Borough in Pennsylvania, US

Vanderbilt is a borough in Fayette County, Pennsylvania, United States. The population was 414 at the 2020 census, a decline from the figure of 476 tabulated in 2010. The town is named for the railroad tycoon Cornelius Vanderbilt and is served by the Connellsville Area School District.

==Geography==
Vanderbilt is located in northern Fayette County at (40.034078, −79.663825).

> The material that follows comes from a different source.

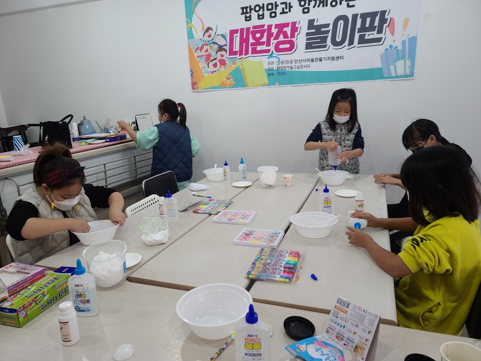 - 키트와 재활용품, 망가진 장난감들을 접목하여 새로운 장난감이 만들어지는 과정을 함께 하였고,유투브에서만 보던 슬라임 만들기를 세상에 하나밖에 없는 나만의 슬라임 만들기로 어린이들의 성취감 이 올라갔습니다.

According to the United States Census Bureau, the borough has a total area of 0.454 km2, all land.

==Demographics==

As of the 2000 census, there were 553 people, 222 households, and 150 families residing in the borough. The population density was 2,995.9 PD/sqmi. There were 234 housing units at an average density of 1,267.7 /sqmi. The racial makeup of the borough was 96.56% White and 3.44% African American.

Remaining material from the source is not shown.